Some of Borneo’s pitcher plants took insects off the menu in favor of mammal droppings. It’s an evolutionary triumph.
LOOK, CARNIVOROUS PLANTS HAVE IT rough. Sure, they have a big fan base, including some of the heaviest hitters in the world of science. Charles Darwin, for example, was so obsessed with the innocuous-looking sundew Drosera that, in an 1860 letter to Charles Lyell, he declared, “I care more about Drosera than the origin of all the species in the world.” A few other species—real, imagined, or somewhere in between—have made it big in Hollywood and Broadway, from the grinning Venus flytrap–ish Audrey in various iterations of Little Shop of Horrors to the terrifying vines in The Ruins.
Carnivorous plants fascinate because they defy our idea of what a plant should be, by flipping the food chain on its head, as consuming organisms rather than the consumed.
But the truth is that these flesh-eaters evolved to nosh on insects and the occasional vertebrate in places around the world where more typical plant fare, such as nutrient-rich soil, is not reliably on the menu. There’s nothing sinister about carnivorous plants.

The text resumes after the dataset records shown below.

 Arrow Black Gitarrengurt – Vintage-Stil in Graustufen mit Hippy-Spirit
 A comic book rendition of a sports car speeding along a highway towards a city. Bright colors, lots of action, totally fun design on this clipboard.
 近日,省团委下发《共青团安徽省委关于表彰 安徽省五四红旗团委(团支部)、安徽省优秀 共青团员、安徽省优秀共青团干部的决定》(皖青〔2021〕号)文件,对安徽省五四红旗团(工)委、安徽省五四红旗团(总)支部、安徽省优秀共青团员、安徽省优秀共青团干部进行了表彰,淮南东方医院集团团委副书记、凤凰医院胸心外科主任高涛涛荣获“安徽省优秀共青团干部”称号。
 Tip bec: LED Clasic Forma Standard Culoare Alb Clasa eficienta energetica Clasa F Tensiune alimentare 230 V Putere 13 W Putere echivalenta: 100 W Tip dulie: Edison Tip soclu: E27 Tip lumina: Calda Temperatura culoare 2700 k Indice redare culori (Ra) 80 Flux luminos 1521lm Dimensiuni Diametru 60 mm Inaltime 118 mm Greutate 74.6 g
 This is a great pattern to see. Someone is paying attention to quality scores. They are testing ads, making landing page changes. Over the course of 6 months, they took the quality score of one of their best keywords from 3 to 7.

In fact, they’re marvels of resiliency that have adapted to some of the least-hospitable environments on the planet, from the various midge-munching butterworts of England’s fens to the enormous Attenborough’s pitcher plant (Nepenthes attenboroughii), which stands nearly five feet all and has been known to down a rodent or two in the cloud forest of Palawan, an island in the Philippines. (By the way, the plant’s namesake, naturalist Sir David Attenborough, like Darwin, is also a fan of carnivorous plants.)

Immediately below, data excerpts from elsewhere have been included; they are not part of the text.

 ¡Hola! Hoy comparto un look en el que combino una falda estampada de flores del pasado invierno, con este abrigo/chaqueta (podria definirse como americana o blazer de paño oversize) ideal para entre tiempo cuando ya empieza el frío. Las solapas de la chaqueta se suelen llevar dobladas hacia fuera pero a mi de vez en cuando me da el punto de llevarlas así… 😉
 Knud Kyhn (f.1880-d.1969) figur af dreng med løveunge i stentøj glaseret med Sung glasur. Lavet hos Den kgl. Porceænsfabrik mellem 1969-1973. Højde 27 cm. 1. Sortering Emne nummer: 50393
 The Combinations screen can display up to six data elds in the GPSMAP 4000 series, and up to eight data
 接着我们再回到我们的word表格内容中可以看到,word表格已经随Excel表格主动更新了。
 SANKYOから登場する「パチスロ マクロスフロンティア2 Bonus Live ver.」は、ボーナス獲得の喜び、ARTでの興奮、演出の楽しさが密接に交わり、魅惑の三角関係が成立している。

Most of the 160 or so species of pitcher plants have leaves that have evolved to hold a viscous digestive fluid. Prey attracted by nectar slip in, get trapped, drown, and, eventually, are broken down and absorbed through the leaf walls. A handful of pitcher plant species have taken their opportunistic eating one step further. In a recent paper published in Annals of Botany, a team of botanists detail how some Nepenthes species have evolved to get their nutrients not from the animals themselves but the animals’ waste—specifically, the nitrogen-rich droppings of mammals. While perhaps not the most palatable of processes, in resource-poor ecosystems, it is nothing short of ingenious.

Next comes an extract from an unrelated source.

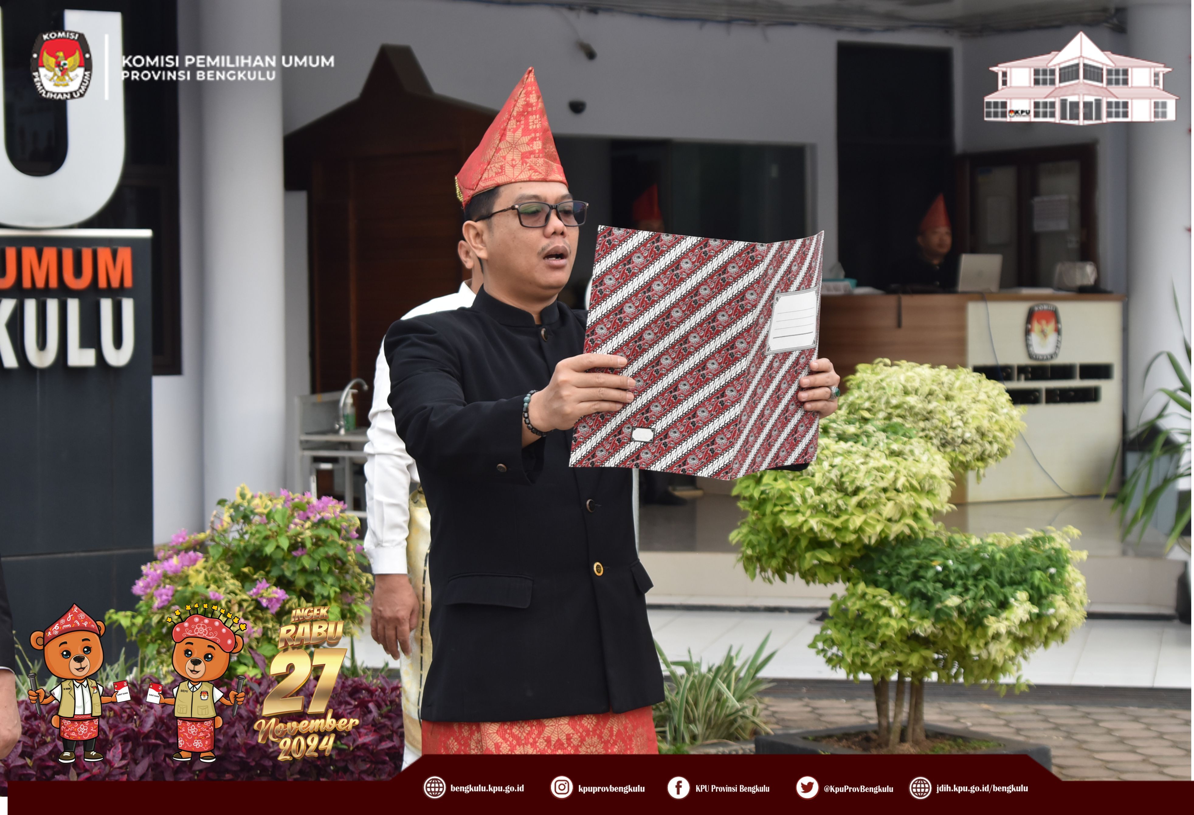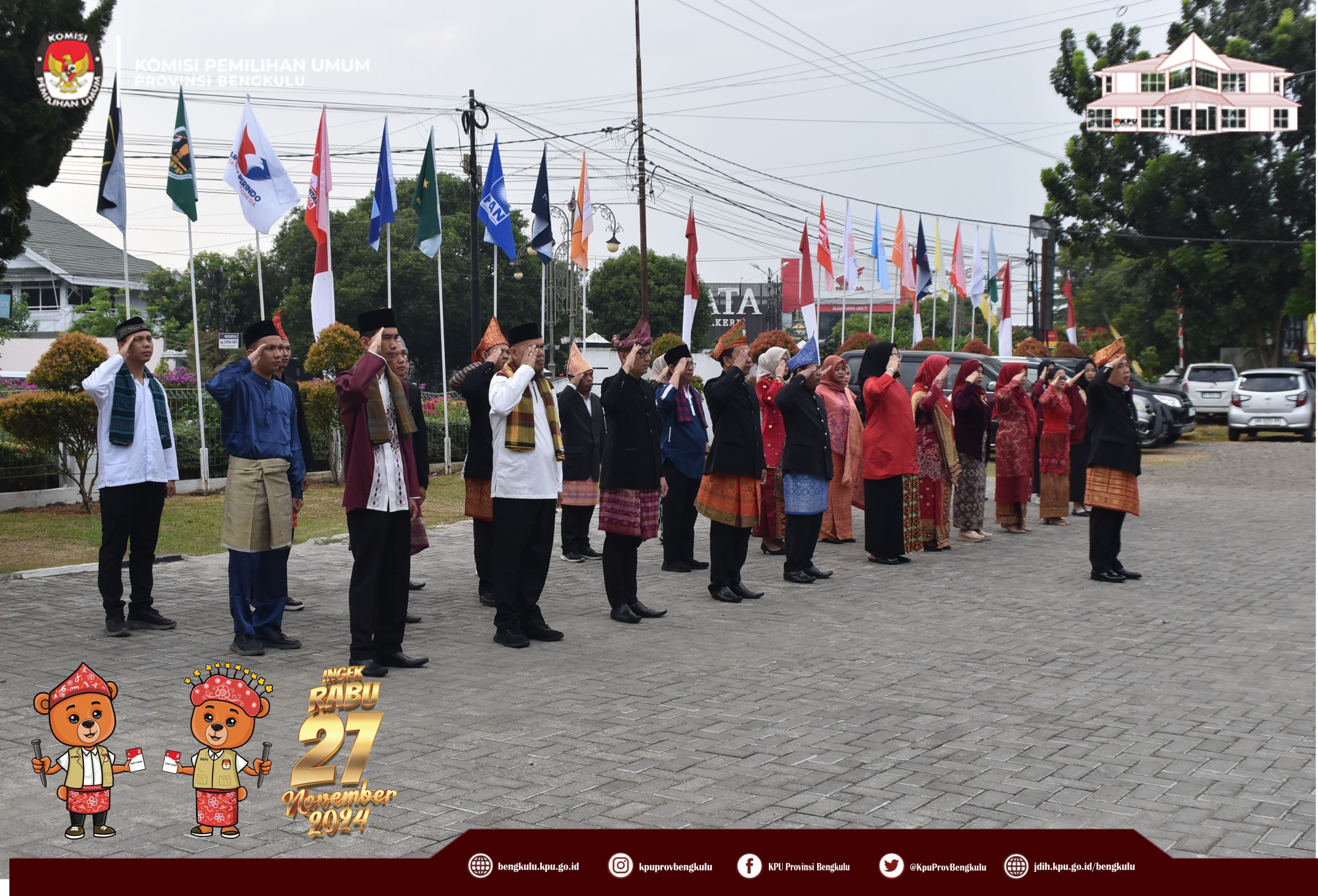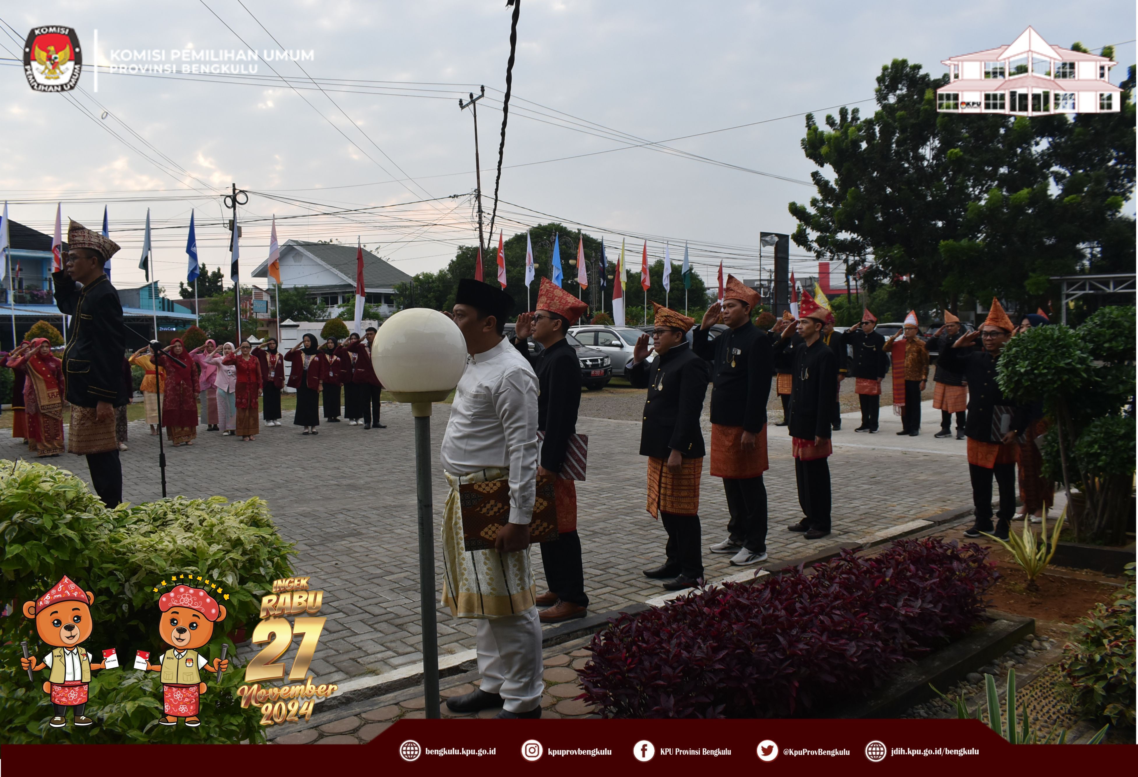 Bengkulu, bengkulu.kpu.go.id - KPU Provinsi Bengkulu melaksanakan Upacara Peringatan Hari Ulang Tahun ke - 79 Kemerdekaan Republik Indonesia, Sabtu (17/8/2024) di Halaman Kantor KPU Provinsi Bengkulu. Ketua KPU Provinsi Bengkulu Rusman Sudarsono bertindak sebagai Inspektur Upacara, kemudian diikuti Anggota KPU Provinsi Bengkulu Alpin Samsen, Dodi Hendra Supiarso, Emex Verzoni dan Sarjan Efendi, Ketua dan Sekretaris KPU Kabupaten, Kabag, Pejabat Penata Kelola Pemilu Ahli Madya, Kasubbag dan Staf di lingkungan Sekretariat KPU Provinsi Bengkulu. Upacara berjalan khidmat dan lancar.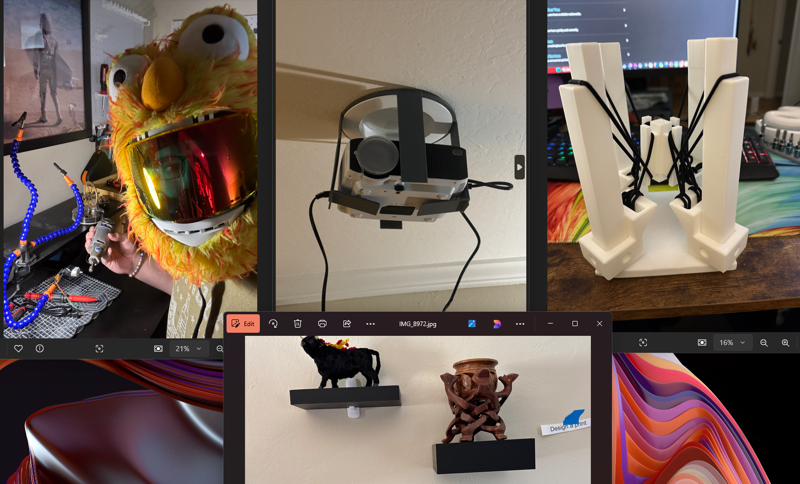 I've been 3D printing for a while now, using Onshape as my CAD software of choice, I design the majority of the things I print so fixes and . Pictured here is my grinding metal off a motor for use in a cat toy, a projector holder that slots into a light in my ceiling, the first rendition of a cat toy that what not exactly what I wanted, and finally the first thing I designed, shelves for childhood knick-knacks I took home after visiting my family. I have printed much more than this, but this is what I took pictures of

N. lowii, for example, is found only in the mountaintop cloud forests of Borneo, at elevations of about 5,500 to 8,500 feet above sea level. This climbing pitcher plant’s stems can reach lengths of more than 30 feet, with individual pitchers about four inches across. The pitchers are noteworthy for their shape, which is strongly reminiscent of a toilet bowl, complete with lid (part of the leaf that can help keep heavy rain out).
In fact, researchers have long known that mountain tree shrews, attracted to N. lowii’s tasty secretions, frequently defecate directly into the pitcher—an activity that has earned the plant some unfortunate nicknames. But N. lowii has nothing to be ashamed about: The authors of the new paper found that the potty plant’s tissues have significantly higher concentrations of nutritious nitrogen than pitcher plants that consume insects.
In fact, at least half a dozen Nepenthes species distributed across Borneo’s mountains have adapted to coprophagy not just to survive but to thrive. In these higher-elevation ecosystems, where low-nutrient soils are common and insects are rare, the plants have become highly efficient at capturing the nitrogen in droppings from shrews, bats, and rodents. Some of the poop-eating plants studied stored more than twice as much high-quality nitrogen as their insectivorous cousins.
So snicker if you like, but N. lowii and its fellow pitcher potties have found their Happy Meal. Or, perhaps, Crappy Meal.